* Your task
Extract precisely the lines that run from the line containing "Slika 5, Postojeće" to the end of the records below, with both ends included and pictures omitted.

Collected data
————————
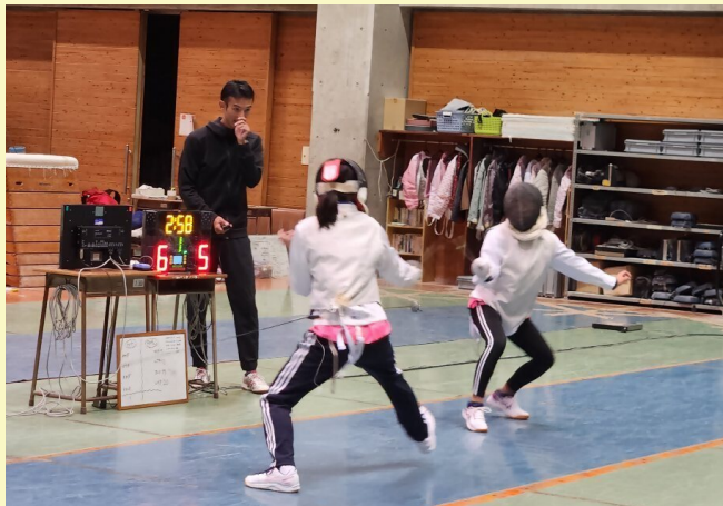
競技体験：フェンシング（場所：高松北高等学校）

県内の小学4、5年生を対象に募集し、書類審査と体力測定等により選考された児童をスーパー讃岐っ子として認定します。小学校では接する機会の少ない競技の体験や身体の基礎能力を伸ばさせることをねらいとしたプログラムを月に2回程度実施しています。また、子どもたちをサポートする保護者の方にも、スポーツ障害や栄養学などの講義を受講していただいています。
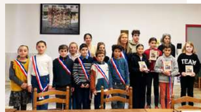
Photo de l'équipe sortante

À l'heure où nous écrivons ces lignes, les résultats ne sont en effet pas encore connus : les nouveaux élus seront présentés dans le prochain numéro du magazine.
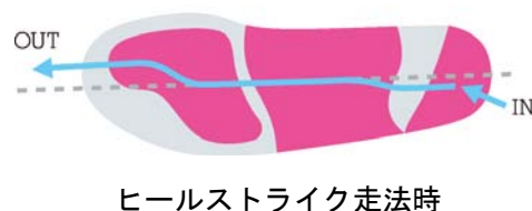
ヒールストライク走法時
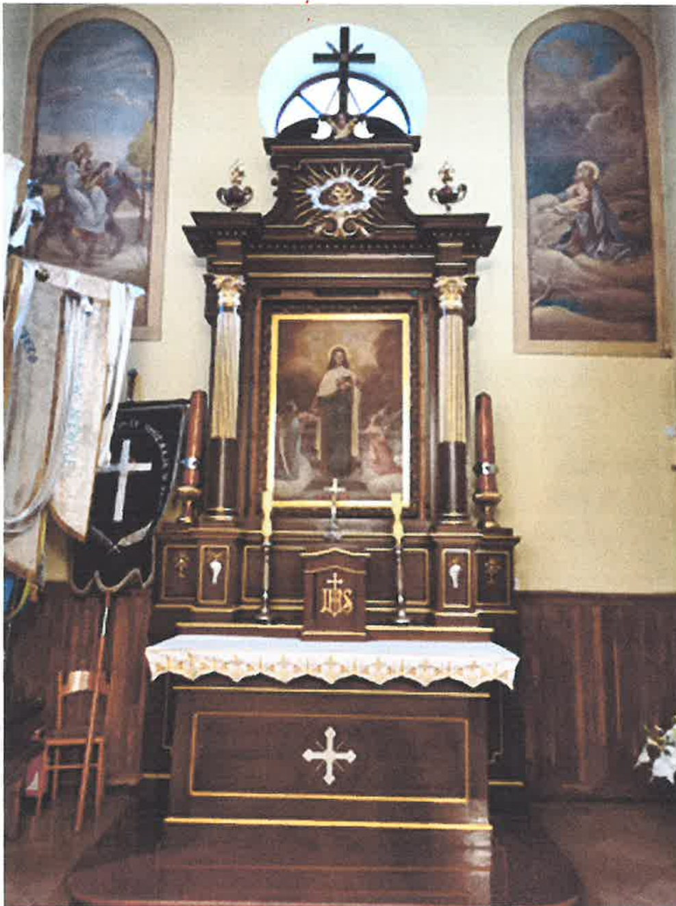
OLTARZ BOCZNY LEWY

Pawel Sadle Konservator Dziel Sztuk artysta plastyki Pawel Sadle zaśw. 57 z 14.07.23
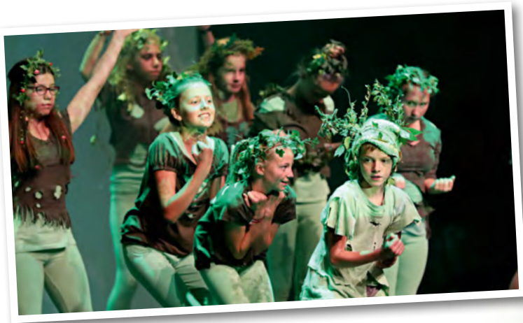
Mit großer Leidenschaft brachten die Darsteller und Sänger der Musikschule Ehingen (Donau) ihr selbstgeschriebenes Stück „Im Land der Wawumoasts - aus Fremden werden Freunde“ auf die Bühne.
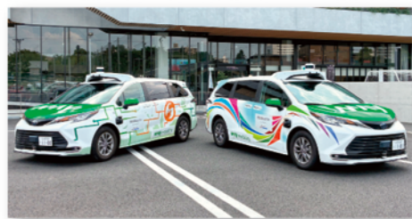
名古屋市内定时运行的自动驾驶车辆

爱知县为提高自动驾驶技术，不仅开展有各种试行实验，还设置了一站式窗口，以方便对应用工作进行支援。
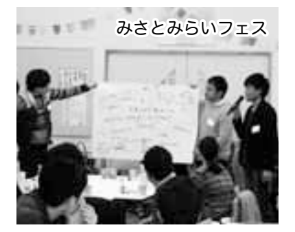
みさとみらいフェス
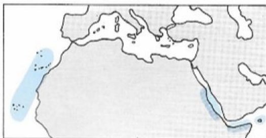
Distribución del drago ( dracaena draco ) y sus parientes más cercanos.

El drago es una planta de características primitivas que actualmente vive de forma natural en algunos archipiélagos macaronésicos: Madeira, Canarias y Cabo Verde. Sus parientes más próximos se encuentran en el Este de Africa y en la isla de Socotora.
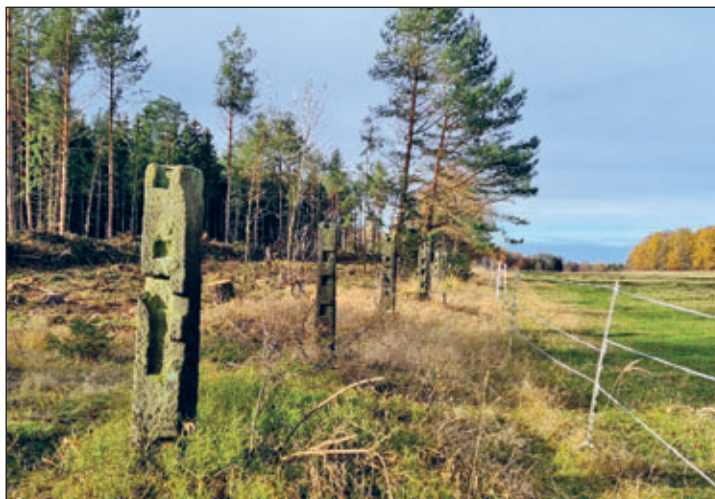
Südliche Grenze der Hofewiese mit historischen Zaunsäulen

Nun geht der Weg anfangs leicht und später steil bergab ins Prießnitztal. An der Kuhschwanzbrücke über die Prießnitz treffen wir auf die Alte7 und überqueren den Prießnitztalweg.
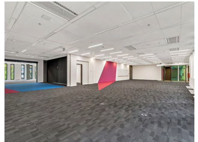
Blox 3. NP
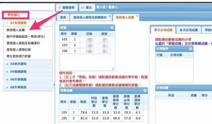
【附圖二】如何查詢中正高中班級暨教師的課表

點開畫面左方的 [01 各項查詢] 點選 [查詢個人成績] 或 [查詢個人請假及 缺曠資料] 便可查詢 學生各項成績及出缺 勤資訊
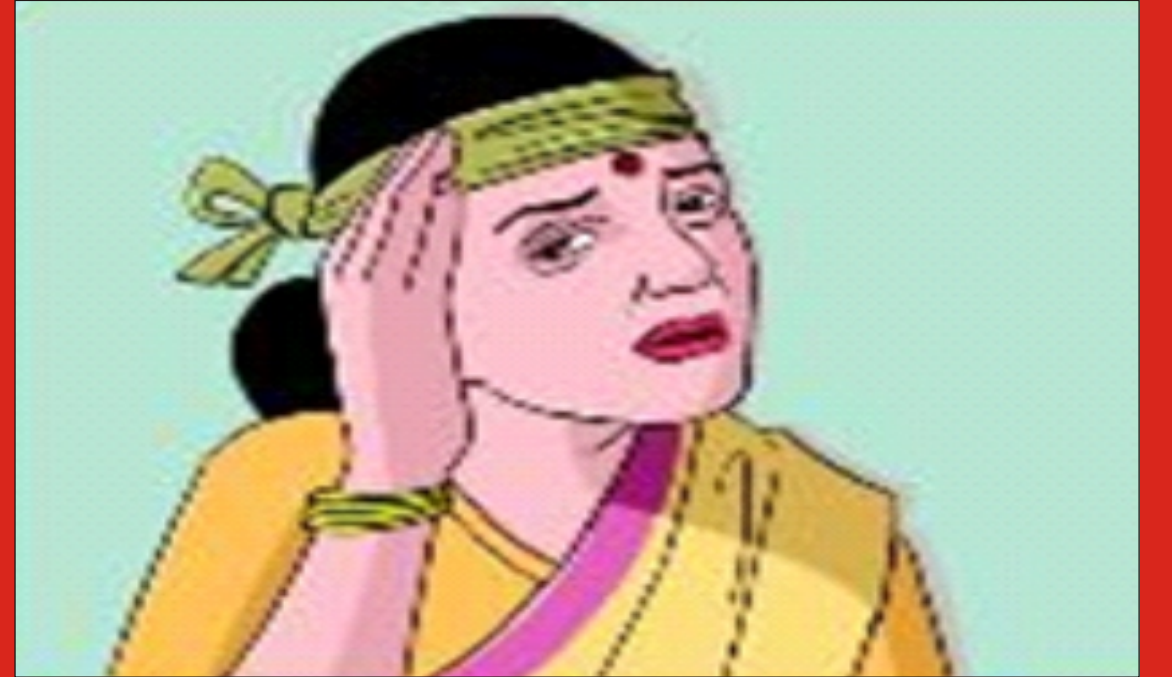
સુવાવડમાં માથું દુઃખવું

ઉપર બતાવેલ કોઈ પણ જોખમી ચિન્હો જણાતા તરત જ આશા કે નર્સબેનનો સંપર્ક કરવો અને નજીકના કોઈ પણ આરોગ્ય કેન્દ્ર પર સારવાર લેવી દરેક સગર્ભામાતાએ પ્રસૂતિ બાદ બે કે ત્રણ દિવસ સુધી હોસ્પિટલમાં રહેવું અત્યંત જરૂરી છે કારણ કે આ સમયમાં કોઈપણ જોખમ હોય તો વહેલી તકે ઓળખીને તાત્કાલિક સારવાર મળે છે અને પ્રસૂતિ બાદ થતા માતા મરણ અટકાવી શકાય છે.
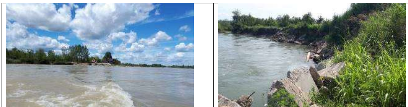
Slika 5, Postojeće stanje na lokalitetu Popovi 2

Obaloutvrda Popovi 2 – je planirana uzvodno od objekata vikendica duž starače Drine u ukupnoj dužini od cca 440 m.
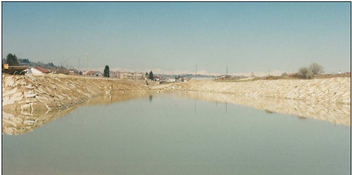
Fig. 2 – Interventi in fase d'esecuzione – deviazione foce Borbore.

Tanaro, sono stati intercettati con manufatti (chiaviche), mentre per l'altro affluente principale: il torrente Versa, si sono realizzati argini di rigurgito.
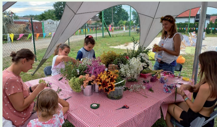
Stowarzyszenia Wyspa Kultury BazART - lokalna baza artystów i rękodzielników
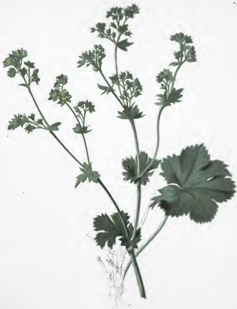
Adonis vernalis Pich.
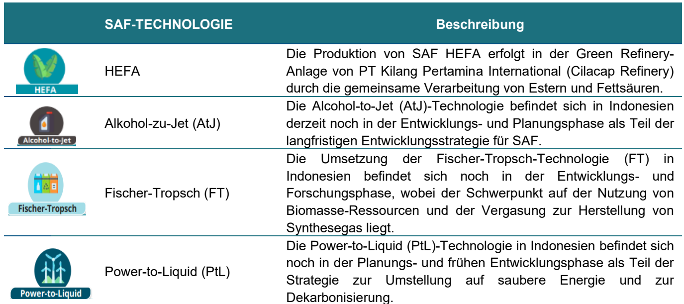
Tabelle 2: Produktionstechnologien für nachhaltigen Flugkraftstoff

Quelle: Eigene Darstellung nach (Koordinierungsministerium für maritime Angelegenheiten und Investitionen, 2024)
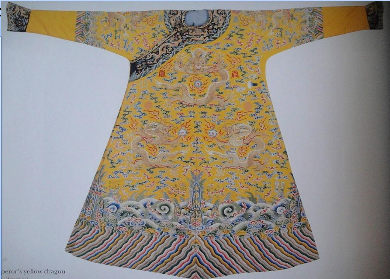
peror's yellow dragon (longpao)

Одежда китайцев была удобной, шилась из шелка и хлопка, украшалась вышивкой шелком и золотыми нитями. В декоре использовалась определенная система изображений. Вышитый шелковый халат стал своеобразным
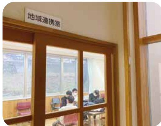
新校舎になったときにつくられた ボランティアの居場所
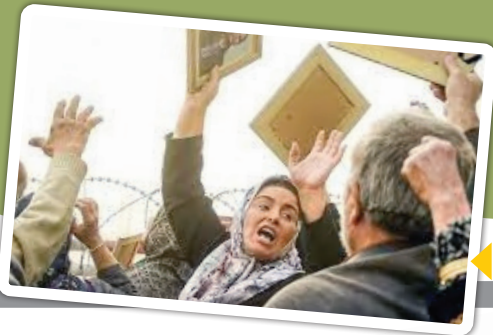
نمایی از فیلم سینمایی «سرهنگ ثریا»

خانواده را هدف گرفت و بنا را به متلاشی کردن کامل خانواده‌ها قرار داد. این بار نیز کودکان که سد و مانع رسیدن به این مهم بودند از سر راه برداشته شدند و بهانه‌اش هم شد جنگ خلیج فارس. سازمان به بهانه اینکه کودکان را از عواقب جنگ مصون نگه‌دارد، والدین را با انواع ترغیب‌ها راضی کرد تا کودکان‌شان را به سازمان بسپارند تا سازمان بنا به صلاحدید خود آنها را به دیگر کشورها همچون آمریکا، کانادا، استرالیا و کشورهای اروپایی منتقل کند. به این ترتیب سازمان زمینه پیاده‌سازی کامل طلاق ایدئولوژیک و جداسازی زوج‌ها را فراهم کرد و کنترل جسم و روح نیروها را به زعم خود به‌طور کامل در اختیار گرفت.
————————
* Response area
Slika 5, Postojeće stanje na lokalitetu Popovi 2

Obaloutvrda Popovi 2 – je planirana uzvodno od objekata vikendica duž starače Drine u ukupnoj dužini od cca 440 m.
Fig. 2 – Interventi in fase d'esecuzione – deviazione foce Borbore.

Tanaro, sono stati intercettati con manufatti (chiaviche), mentre per l'altro affluente principale: il torrente Versa, si sono realizzati argini di rigurgito.
Stowarzyszenia Wyspa Kultury BazART - lokalna baza artystów i rękodzielników
Adonis vernalis Pich.
Tabelle 2: Produktionstechnologien für nachhaltigen Flugkraftstoff

Quelle: Eigene Darstellung nach (Koordinierungsministerium für maritime Angelegenheiten und Investitionen, 2024)
peror's yellow dragon (longpao)

Одежда китайцев была удобной, шилась из шелка и хлопка, украшалась вышивкой шелком и золотыми нитями. В декоре использовалась определенная система изображений. Вышитый шелковый халат стал своеобразным
新校舎になったときにつくられた ボランティアの居場所
نمایی از فیلم سینمایی «سرهنگ ثریا»

خانواده را هدف گرفت و بنا را به متلاشی کردن کامل خانواده‌ها قرار داد. این بار نیز کودکان که سد و مانع رسیدن به این مهم بودند از سر راه برداشته شدند و بهانه‌اش هم شد جنگ خلیج فارس. سازمان به بهانه اینکه کودکان را از عواقب جنگ مصون نگه‌دارد، والدین را با انواع ترغیب‌ها راضی کرد تا کودکان‌شان را به سازمان بسپارند تا سازمان بنا به صلاحدید خود آنها را به دیگر کشورها همچون آمریکا، کانادا، استرالیا و کشورهای اروپایی منتقل کند. به این ترتیب سازمان زمینه پیاده‌سازی کامل طلاق ایدئولوژیک و جداسازی زوج‌ها را فراهم کرد و کنترل جسم و روح نیروها را به زعم خود به‌طور کامل در اختیار گرفت.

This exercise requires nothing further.